### Work required:
Below are records to give again exactly; omit each image they contain.

### Recorded information:
---------------

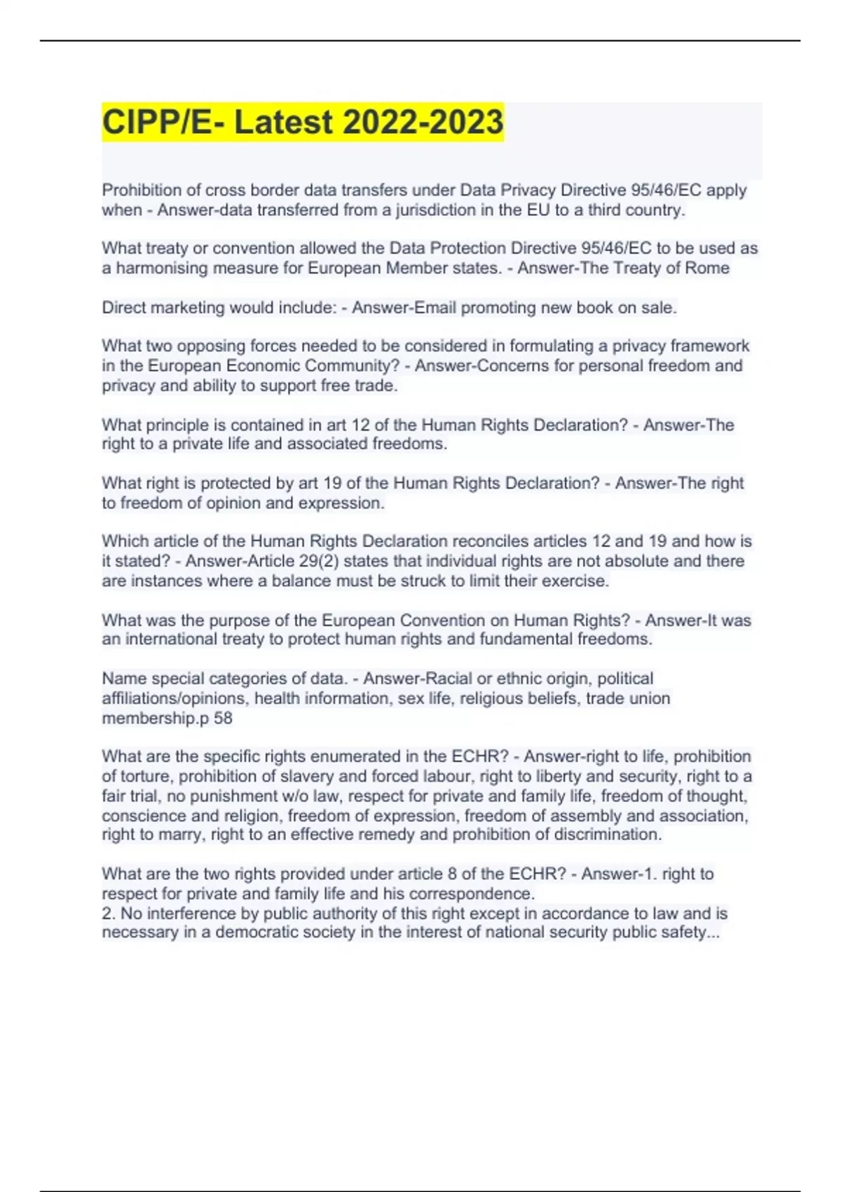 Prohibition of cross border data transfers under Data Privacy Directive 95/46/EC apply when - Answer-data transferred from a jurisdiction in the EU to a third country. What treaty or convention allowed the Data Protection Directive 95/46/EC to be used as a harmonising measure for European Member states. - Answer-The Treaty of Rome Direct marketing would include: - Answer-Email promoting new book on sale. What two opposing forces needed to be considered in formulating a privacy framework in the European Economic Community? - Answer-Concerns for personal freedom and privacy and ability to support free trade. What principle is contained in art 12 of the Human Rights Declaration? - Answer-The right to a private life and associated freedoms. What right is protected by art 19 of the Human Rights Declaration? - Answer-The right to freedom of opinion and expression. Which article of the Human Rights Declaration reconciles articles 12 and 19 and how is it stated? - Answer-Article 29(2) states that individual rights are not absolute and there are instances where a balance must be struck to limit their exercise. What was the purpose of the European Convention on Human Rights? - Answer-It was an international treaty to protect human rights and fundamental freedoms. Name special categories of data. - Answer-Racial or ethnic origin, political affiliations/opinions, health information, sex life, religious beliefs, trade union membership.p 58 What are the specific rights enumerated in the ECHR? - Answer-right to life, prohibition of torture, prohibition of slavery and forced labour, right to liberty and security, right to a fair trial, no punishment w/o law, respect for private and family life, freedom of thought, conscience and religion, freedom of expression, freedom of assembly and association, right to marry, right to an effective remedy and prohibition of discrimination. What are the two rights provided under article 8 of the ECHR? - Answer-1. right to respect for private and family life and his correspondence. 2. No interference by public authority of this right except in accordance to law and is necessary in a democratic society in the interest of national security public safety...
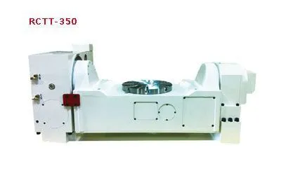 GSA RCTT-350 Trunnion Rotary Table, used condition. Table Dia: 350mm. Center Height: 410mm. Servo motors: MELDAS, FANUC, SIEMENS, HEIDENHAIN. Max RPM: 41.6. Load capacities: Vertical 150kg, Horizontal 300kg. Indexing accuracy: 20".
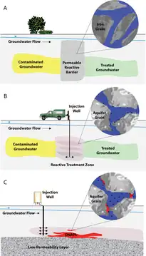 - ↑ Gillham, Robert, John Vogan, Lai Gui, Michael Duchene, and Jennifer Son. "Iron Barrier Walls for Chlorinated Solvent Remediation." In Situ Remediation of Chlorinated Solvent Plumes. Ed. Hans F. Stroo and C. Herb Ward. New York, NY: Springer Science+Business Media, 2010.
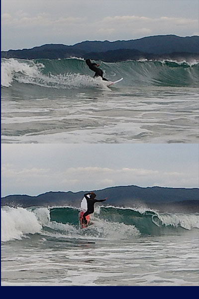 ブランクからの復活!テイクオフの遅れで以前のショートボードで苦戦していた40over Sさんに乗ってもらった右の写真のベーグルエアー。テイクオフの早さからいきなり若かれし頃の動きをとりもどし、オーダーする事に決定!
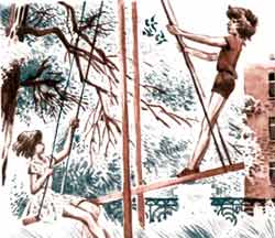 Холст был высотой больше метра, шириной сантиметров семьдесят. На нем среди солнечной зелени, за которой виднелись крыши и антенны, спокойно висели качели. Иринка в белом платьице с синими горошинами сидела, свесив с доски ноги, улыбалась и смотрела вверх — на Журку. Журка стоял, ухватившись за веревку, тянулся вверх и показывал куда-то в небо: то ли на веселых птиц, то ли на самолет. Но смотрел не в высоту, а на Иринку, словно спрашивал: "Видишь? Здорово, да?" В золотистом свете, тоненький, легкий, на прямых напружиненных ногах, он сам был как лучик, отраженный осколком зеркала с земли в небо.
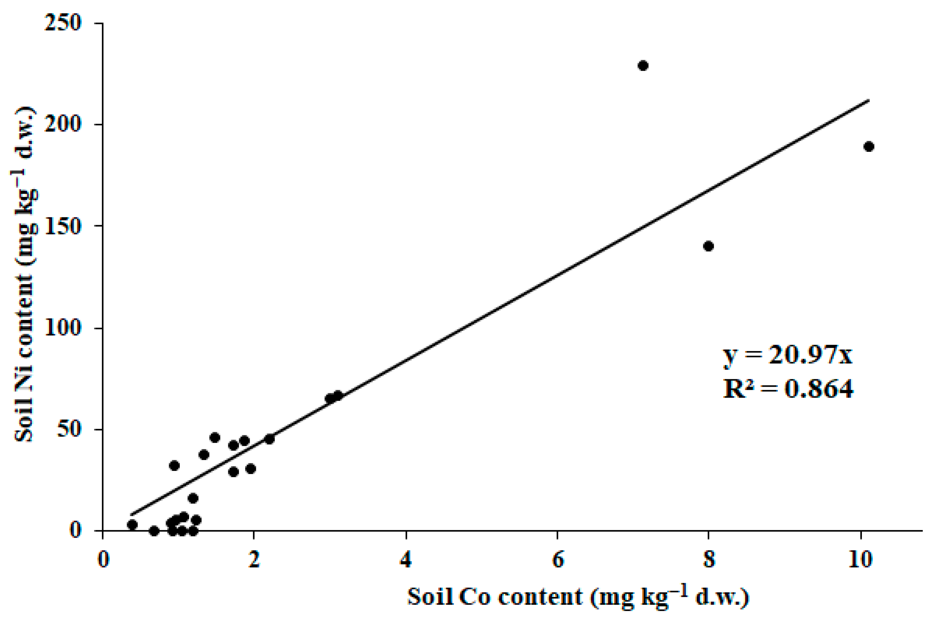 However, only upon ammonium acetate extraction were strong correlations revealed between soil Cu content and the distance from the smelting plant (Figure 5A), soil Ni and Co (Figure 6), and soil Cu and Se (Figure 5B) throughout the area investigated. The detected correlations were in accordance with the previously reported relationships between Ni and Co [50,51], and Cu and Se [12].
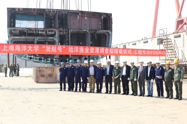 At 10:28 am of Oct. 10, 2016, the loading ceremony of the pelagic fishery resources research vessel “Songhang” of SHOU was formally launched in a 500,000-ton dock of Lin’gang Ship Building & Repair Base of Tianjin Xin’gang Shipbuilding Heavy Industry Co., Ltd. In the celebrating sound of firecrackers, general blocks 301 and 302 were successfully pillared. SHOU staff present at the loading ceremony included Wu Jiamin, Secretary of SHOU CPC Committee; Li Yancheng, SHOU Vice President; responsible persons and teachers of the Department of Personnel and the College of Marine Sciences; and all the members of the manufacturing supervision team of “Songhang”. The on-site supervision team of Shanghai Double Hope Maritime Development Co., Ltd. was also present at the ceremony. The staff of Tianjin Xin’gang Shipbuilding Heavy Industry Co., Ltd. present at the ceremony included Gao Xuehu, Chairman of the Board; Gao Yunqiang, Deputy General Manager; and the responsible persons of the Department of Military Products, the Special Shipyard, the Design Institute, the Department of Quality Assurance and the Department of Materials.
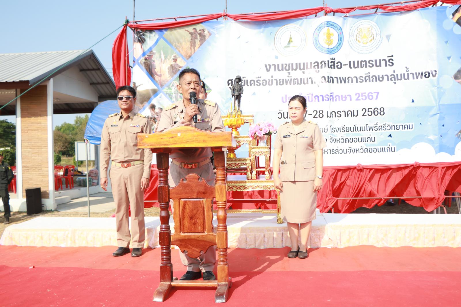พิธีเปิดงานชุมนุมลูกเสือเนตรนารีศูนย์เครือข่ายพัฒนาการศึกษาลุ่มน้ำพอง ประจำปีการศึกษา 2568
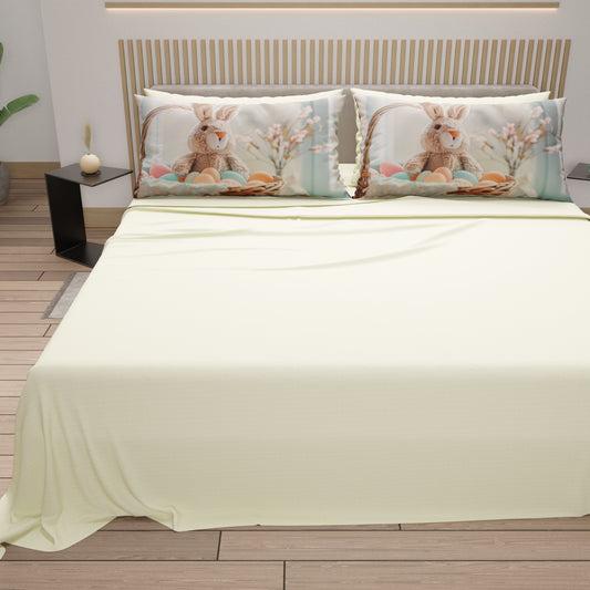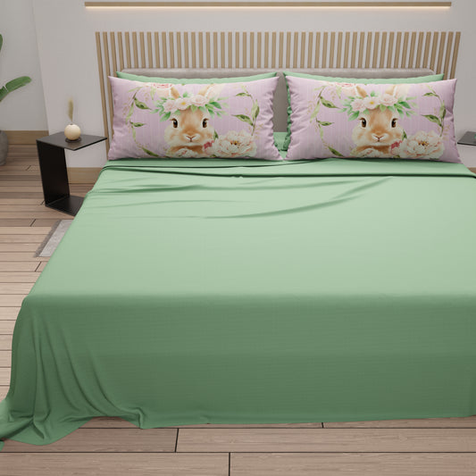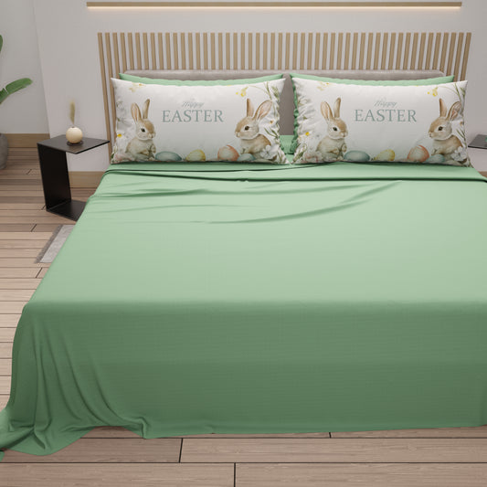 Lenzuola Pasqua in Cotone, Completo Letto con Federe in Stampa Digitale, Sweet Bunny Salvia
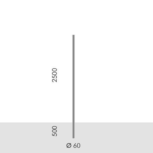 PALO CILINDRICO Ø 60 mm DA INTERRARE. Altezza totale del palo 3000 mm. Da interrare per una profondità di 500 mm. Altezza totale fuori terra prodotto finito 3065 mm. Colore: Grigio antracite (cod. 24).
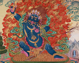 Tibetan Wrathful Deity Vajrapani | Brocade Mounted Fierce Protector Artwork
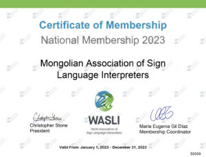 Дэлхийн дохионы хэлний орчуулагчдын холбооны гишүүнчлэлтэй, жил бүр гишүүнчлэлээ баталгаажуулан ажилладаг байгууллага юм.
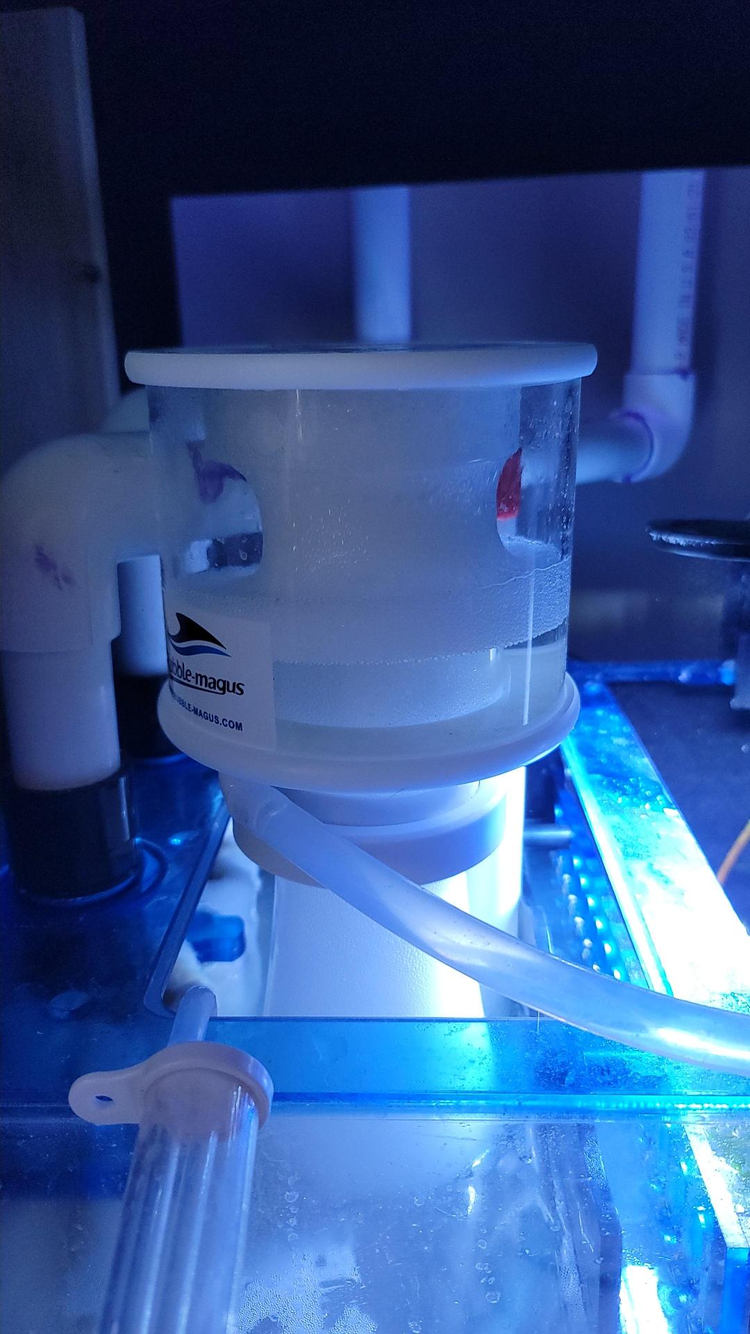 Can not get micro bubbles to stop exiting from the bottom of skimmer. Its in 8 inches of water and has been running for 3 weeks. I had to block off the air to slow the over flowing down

---------------

### Exercise result:
 Prohibition of cross border data transfers under Data Privacy Directive 95/46/EC apply when - Answer-data transferred from a jurisdiction in the EU to a third country. What treaty or convention allowed the Data Protection Directive 95/46/EC to be used as a harmonising measure for European Member states. - Answer-The Treaty of Rome Direct marketing would include: - Answer-Email promoting new book on sale. What two opposing forces needed to be considered in formulating a privacy framework in the European Economic Community? - Answer-Concerns for personal freedom and privacy and ability to support free trade. What principle is contained in art 12 of the Human Rights Declaration? - Answer-The right to a private life and associated freedoms. What right is protected by art 19 of the Human Rights Declaration? - Answer-The right to freedom of opinion and expression. Which article of the Human Rights Declaration reconciles articles 12 and 19 and how is it stated? - Answer-Article 29(2) states that individual rights are not absolute and there are instances where a balance must be struck to limit their exercise. What was the purpose of the European Convention on Human Rights? - Answer-It was an international treaty to protect human rights and fundamental freedoms. Name special categories of data. - Answer-Racial or ethnic origin, political affiliations/opinions, health information, sex life, religious beliefs, trade union membership.p 58 What are the specific rights enumerated in the ECHR? - Answer-right to life, prohibition of torture, prohibition of slavery and forced labour, right to liberty and security, right to a fair trial, no punishment w/o law, respect for private and family life, freedom of thought, conscience and religion, freedom of expression, freedom of assembly and association, right to marry, right to an effective remedy and prohibition of discrimination. What are the two rights provided under article 8 of the ECHR? - Answer-1. right to respect for private and family life and his correspondence. 2. No interference by public authority of this right except in accordance to law and is necessary in a democratic society in the interest of national security public safety...
 GSA RCTT-350 Trunnion Rotary Table, used condition. Table Dia: 350mm. Center Height: 410mm. Servo motors: MELDAS, FANUC, SIEMENS, HEIDENHAIN. Max RPM: 41.6. Load capacities: Vertical 150kg, Horizontal 300kg. Indexing accuracy: 20".
 - ↑ Gillham, Robert, John Vogan, Lai Gui, Michael Duchene, and Jennifer Son. "Iron Barrier Walls for Chlorinated Solvent Remediation." In Situ Remediation of Chlorinated Solvent Plumes. Ed. Hans F. Stroo and C. Herb Ward. New York, NY: Springer Science+Business Media, 2010.
 ブランクからの復活!テイクオフの遅れで以前のショートボードで苦戦していた40over Sさんに乗ってもらった右の写真のベーグルエアー。テイクオフの早さからいきなり若かれし頃の動きをとりもどし、オーダーする事に決定!
 Холст был высотой больше метра, шириной сантиметров семьдесят. На нем среди солнечной зелени, за которой виднелись крыши и антенны, спокойно висели качели. Иринка в белом платьице с синими горошинами сидела, свесив с доски ноги, улыбалась и смотрела вверх — на Журку. Журка стоял, ухватившись за веревку, тянулся вверх и показывал куда-то в небо: то ли на веселых птиц, то ли на самолет. Но смотрел не в высоту, а на Иринку, словно спрашивал: "Видишь? Здорово, да?" В золотистом свете, тоненький, легкий, на прямых напружиненных ногах, он сам был как лучик, отраженный осколком зеркала с земли в небо.
 However, only upon ammonium acetate extraction were strong correlations revealed between soil Cu content and the distance from the smelting plant (Figure 5A), soil Ni and Co (Figure 6), and soil Cu and Se (Figure 5B) throughout the area investigated. The detected correlations were in accordance with the previously reported relationships between Ni and Co [50,51], and Cu and Se [12].
 At 10:28 am of Oct. 10, 2016, the loading ceremony of the pelagic fishery resources research vessel “Songhang” of SHOU was formally launched in a 500,000-ton dock of Lin’gang Ship Building & Repair Base of Tianjin Xin’gang Shipbuilding Heavy Industry Co., Ltd. In the celebrating sound of firecrackers, general blocks 301 and 302 were successfully pillared. SHOU staff present at the loading ceremony included Wu Jiamin, Secretary of SHOU CPC Committee; Li Yancheng, SHOU Vice President; responsible persons and teachers of the Department of Personnel and the College of Marine Sciences; and all the members of the manufacturing supervision team of “Songhang”. The on-site supervision team of Shanghai Double Hope Maritime Development Co., Ltd. was also present at the ceremony. The staff of Tianjin Xin’gang Shipbuilding Heavy Industry Co., Ltd. present at the ceremony included Gao Xuehu, Chairman of the Board; Gao Yunqiang, Deputy General Manager; and the responsible persons of the Department of Military Products, the Special Shipyard, the Design Institute, the Department of Quality Assurance and the Department of Materials.
พิธีเปิดงานชุมนุมลูกเสือเนตรนารีศูนย์เครือข่ายพัฒนาการศึกษาลุ่มน้ำพอง ประจำปีการศึกษา 2568
 Lenzuola Pasqua in Cotone, Completo Letto con Federe in Stampa Digitale, Sweet Bunny Salvia
 PALO CILINDRICO Ø 60 mm DA INTERRARE. Altezza totale del palo 3000 mm. Da interrare per una profondità di 500 mm. Altezza totale fuori terra prodotto finito 3065 mm. Colore: Grigio antracite (cod. 24).
 Tibetan Wrathful Deity Vajrapani | Brocade Mounted Fierce Protector Artwork
 Дэлхийн дохионы хэлний орчуулагчдын холбооны гишүүнчлэлтэй, жил бүр гишүүнчлэлээ баталгаажуулан ажилладаг байгууллага юм.
 Can not get micro bubbles to stop exiting from the bottom of skimmer. Its in 8 inches of water and has been running for 3 weeks. I had to block off the air to slow the over flowing down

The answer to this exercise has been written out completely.